ITC continues to underperform but analysts say the stock is attractive. Why?

Why ITC Stock is falling? - Detailed Analysis.



Hello investors, Welcome to DEV INVEST NOTES and in this article, we will talk about ITC & I will explain why the stock keeps falling.

I already made an article on ITC where I talked about their history and management among other things. I will leave the link above but in this article, I´m going to do something special as you may know, one of their business segments is FMCG that include their cigarette business. I´m not going to talk about their cigarette business. I will only talk about FMCG other.

so I´m going to make an entire article on one small segment and I will cover 5 points.

History, business, updates, financials and valuation

And I´m going to promise you that you won´t find this information anywhere, as you may know, for a very long time, ITC had a very good cigarette business but the managing director noticed that the small shops that sell their cigarette & also sell other products like biscuits and chips.

So they wanted to use this presence to sell other FMCG products and that´s how they launched their first brand, Kitchens of India in 2001, where they sell ready-to-eat Indian gourmet dishes like palak paneer, mutter paneer, pav bhaji, aloo mutter.

Why did they start with this brand? 

As you may recall, ITC owns many luxury hotels and they have their own restaurants in them and this gave them an advantage as they knew what customers are interested in and that´s why they started with ready-to-eat Indian gourmet dishes. They knew what the customer wanted so it made total sense.

But if you look at this FMCG business, they follow two simple strategies and they use it even today.

The first strategy is regarding their brands. They don´t launch many brands. As I will show you later, more than 50 % of their FMCG other revenue comes from only two brands: Aashirvaad and sunfeast.

They focus on strong brands or we can call them mother brands and under those brands, they launch many products. so many times, they will only advertise the mother brands so they subcategories get exposure indirectly, they did the same with Kitchens of India. They started with ready-to-eat Indian gourmet dishes but then they launched chutneys and masalas. And they use this strategy today as well. So you will see some mother brand and many categories under them

The second strategy is the premium products. When they enter a new segment, they start with a premium product and then they enter the affordable segment.

Let me give you 2 examples. The first one is when they entered cookies or biscuits segment, they started with Dark fantasy choco fills, which they launched in 2010.

Dark fantasy choco fills, which they launched in 2010.


Britannia and Parle were market leaders and their products were very cheap ( 5 - 10 Rs ) but ITC launched their product at a premium price ( 30 Rs ) and today, they are the market leaders ( more than 20 % market share )  in premium biscuit segment.

 
How did they become market leaders?

There are 2 main reasons. In 2010, biscuits were very boring and vanilla was the most common flavour. ITC launched choco fills and it was something different and their second advantage was packaging. ITC already had a packaging business before so they were good at it and they used their expertise to launch new products.

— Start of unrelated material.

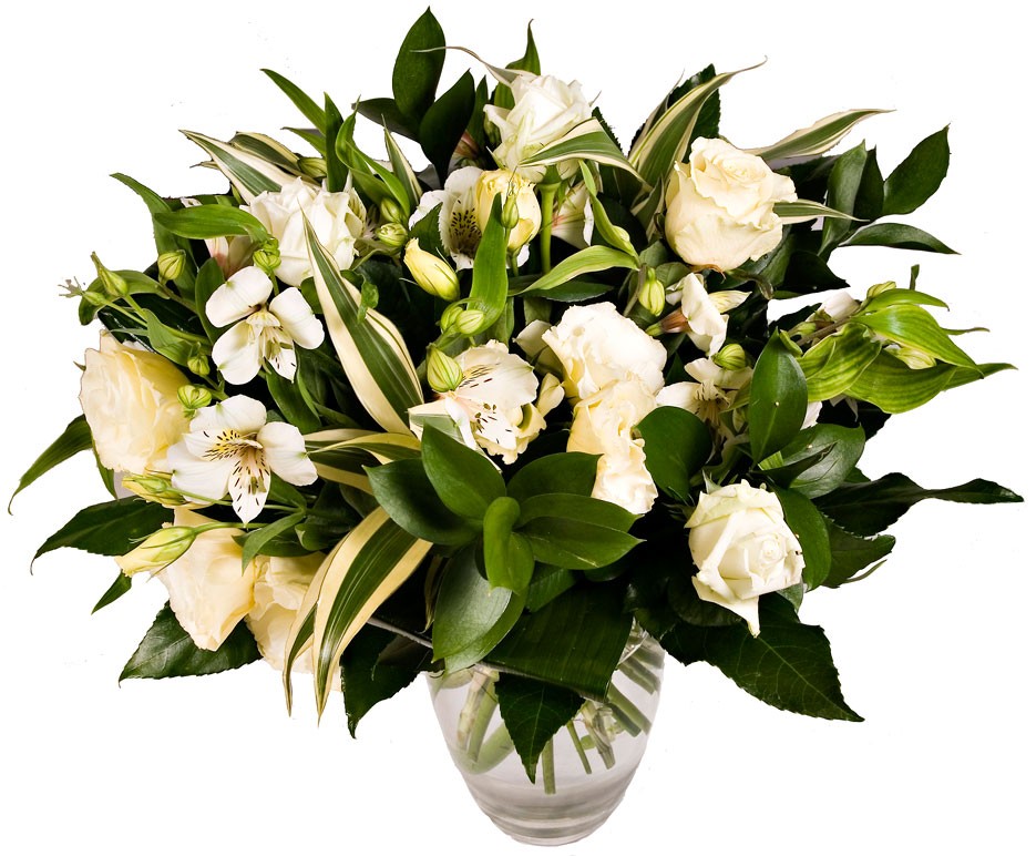 Wspaniałe róże, eustomy, alstreomerie oraz kwiaty sezonowe uzupełniają zielone i biało-zielone liście.

Second example of premium is when they entered the chocolate segment & they launched Fabelle in 2016 but interestingly, it took them 10 years to make this brand.

One of the ingredients needed is sourced from seven countries so they can maintain the highest quality and they actually have a Guinness World Record because one of their chocolates costs 4.3 lakh rupees per Kg.

As you can see, ITC´s revenue is pretty diversified 46 % comes from cigarette and 25 % comes from FMCG other but to be honest, it´s not diversified because 84 % of their profit comes from the cigarette business this is profit before interest and tax & only 2 % comes from FMCG. 

so if you think that the FMCG other business contributes a lot, it´s not true because it barely contributes to their profit before interest and tax and I will show this later when we talk about their financials.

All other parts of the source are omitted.